Wo Andacht auferwacht, da stirbt
Das Ich, der dunkele Despot,
sagt Dschellalledin, und da saß der Herr Polizeidirektor und lächelte immer süßer, süßer, als ob es seine feste Absicht sei, sämtlichen Runkelrübenzuckerfabriken und -raffinerien des Zollvereins Konkurrenz zu machen, und der Redner wendete sich in seinen Ausführungen vorzugsweise gern an ihn; denn in keinem Gesichte der ersten Reihe, in welcher doch auch der Herr von Glimmern saß, las er eine innigere Hingabe an die Sache und ein feineres Verständnis derselben. Da saß die Generalin von Einstein und sprach ihrem Schwiegersohn ziemlich laut ihre Verwunderung aus, dass »so etwas« von den betreffenden Behörden gestattet werden könne. Und da saß die Baronin Nikola und seufzte in tiefster Seele: »Ach, armer Leonhard!« Und der Professor Reihenschlager rieb sich ein Mal über das andere die Stirne und murmelte: »Wo hat er denn sein Konzept? Ist denn das sein Konzept? Steht denn das in seinem Konzept?« Da saß die Frau Emma, zog ihr Tuch um die Schultern zusammen und suchte ganz ängstlich mit den Augen ihren Gemahl, welcher leise einen Marsch mit dem Fuße trommelte und den Blick der Gattin tunlichst vermied. Und Fräulein Serena Reihenschlager machte die allergrößten Augen und amüsierte sich königlich; überhaupt gab es viele, welche ihr Behagen nicht verbargen, dem wunderlichen Menschen hinter den beiden Wachskerzen mit stets steigender Spannung auf seinen Wegen folgten und somit alle spätern Vorsichtsmaßregeln durch ihr Gebaren auf das glänzendste rechtfertigten. Das Neue und Gewagte machte zugleich betroffen und entzückte; die Ironie fühlten nicht alle, die tiefe Bitterkeit sehr wenige, das Komische fast alle außer den Damen, welche dagegen umso mehr von dem Romantischen, dem Schrecklichen und dem Mitleiderregenden angezogen wurden.

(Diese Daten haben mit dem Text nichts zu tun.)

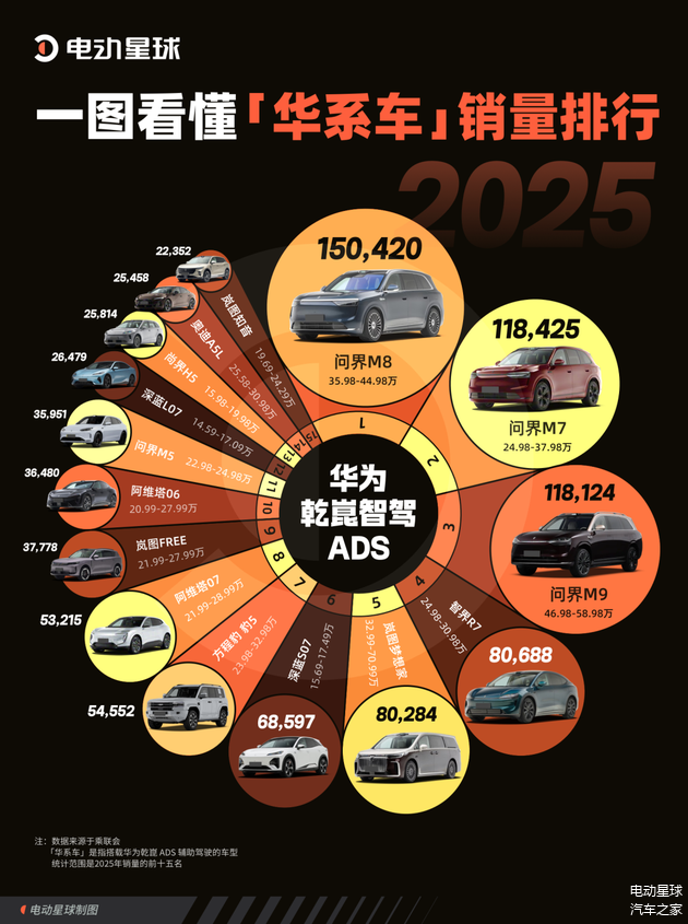 可以直观看到,年销量前五的「华系车」中有 4 款来自「鸿蒙智行」,且问界 M8、M7 和 M9,是仅有的三款年销量超 10 万的「爆款」车型。

Es war nicht zu leugnen, Leonhard Hagebucher zeigte sich seiner Aufgabe vollkommen gewachsen; er entwickelte ein beträchtliches Talent der Schilderung, und das Land vom Mittelmeer bis zum Mondgebirge lebte vor den Augen seiner Zuhörer. Sein Vortrag war zwar nur eine Fata Morgana, welche manches verzog oder auf den Kopf stellte, welche aber doch oder oft grade deshalb magisch genug auf diese deutschen Kleinresidenzler, ihre Weiber und Töchter wirkte. Bei manch einem mischte sich ein Gefühl der Beschämung in das Interesse, welches er an diesem Gefangenen der Madam Kulla Gulla nahm, ein Gefühl, dass es mit dem Wohlbehagen an und in einer engen, wenn auch noch so reinlich und schmuck gehaltenen Umgebung doch nicht völlig getan sei. Es rüttelte etwas an diesen wohldressierten Beamten- und Bankiersseelen und wies hinaus über den Polizeidiener an der Tür des Saales und den Polizeidirektor in der ersten Sitzreihe der Zuhörer. Hier hatte sich jemand durch viel Dreck und Blut, durch sehr unsolide und ungeordnete Verhältnisse unter Türken, Mohren und Heiden aller Schattierungen wacker durchgeschlagen und brachte aus der grimmigsten Sklaverei, der heillosesten Erniedrigung einen solchen Hauch der Freiheit in diese so rationell geordnete Gewöhnlichkeit mit, dass das philisterhafteste Selbstgefühl darob mit bangem Ekel und Überdruss und bei den edleren Naturen mit einem dunkeln Schmerz in Widerstreit geriet. Manch einem ward es wie einem Kranken zumute, der auf seinen heißen Kissen vom blauen Meer und einem Segel in weiter Ferne träumt; es füllte sich mehr als ein Paar jugendlicher Augen mit Tränen, und verschiedene glatzköpfige Assessoren und zahlenerdrückte Rendanten nahmen sich fest vor, bei der nächsten Begegnung mit dem Vorgesetzten diesen zuerst grüßen zu lassen. Was den Vetter Wassertreter anbelangte, so befand sich derselbe in einem Zustande der Entzückung, welcher sich kaum beschreiben lässt. Sein Leonhard übertraf seine schönsten, aber auch boshaftesten, heimtückischsten, frevelhaftesten Erwartungen. Er wurde groß und wurde klein, er atmete schnell und erstickte fast vor einem Vergnügen, welches ihm sicherlich keinen Anspruch auch auf die allerunterste Klasse des Landesordens für verdiente Zivilbeamte gab.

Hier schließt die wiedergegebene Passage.